* _GOAL OF THE EXERCISE_
Which lines run from the one containing "Объемная шапка из толстой пряжи." through the end of the data? Write them out exactly, with the pictures left out.

* _RAW DATA_
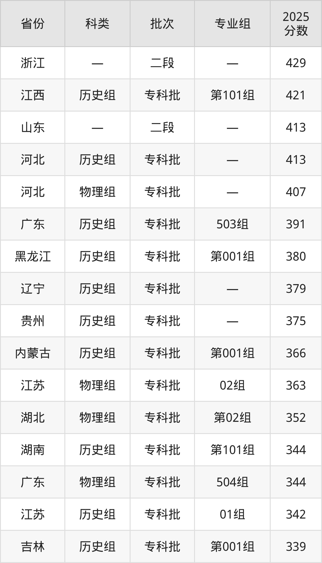 而浙江地区考生的分数门槛最高,2025年黑龙江建筑职业技术学院在浙江招生最低分为429分,考生至少要超二段线161分才有可能被录取。
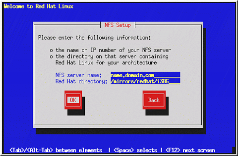 If the NFS server is exporting a mirror of the Red Hat Linux installation tree, enter the directory which contains the RedHat directory. (If you do not know this directory path, ask your system administrator.) For example, if your NFS server contains the directory /mirrors/redhat/i386/RedHat, enter /mirrors/redhat/i386.
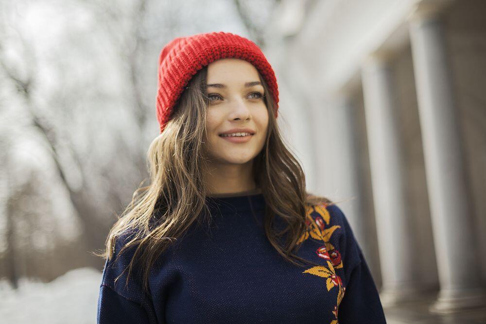 Объемная шапка из толстой пряжи.
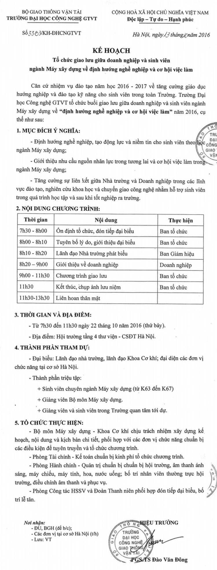 Kế hoạch giao lưu giữa doanh nghiệp và sinh viên ngành Máy xây dựng về định hướng nghề nghiệp và cơ hội việc làm 17/10/2016 09:10

* _WRITTEN RESPONSE_
 Объемная шапка из толстой пряжи.
 Kế hoạch giao lưu giữa doanh nghiệp và sinh viên ngành Máy xây dựng về định hướng nghề nghiệp và cơ hội việc làm 17/10/2016 09:10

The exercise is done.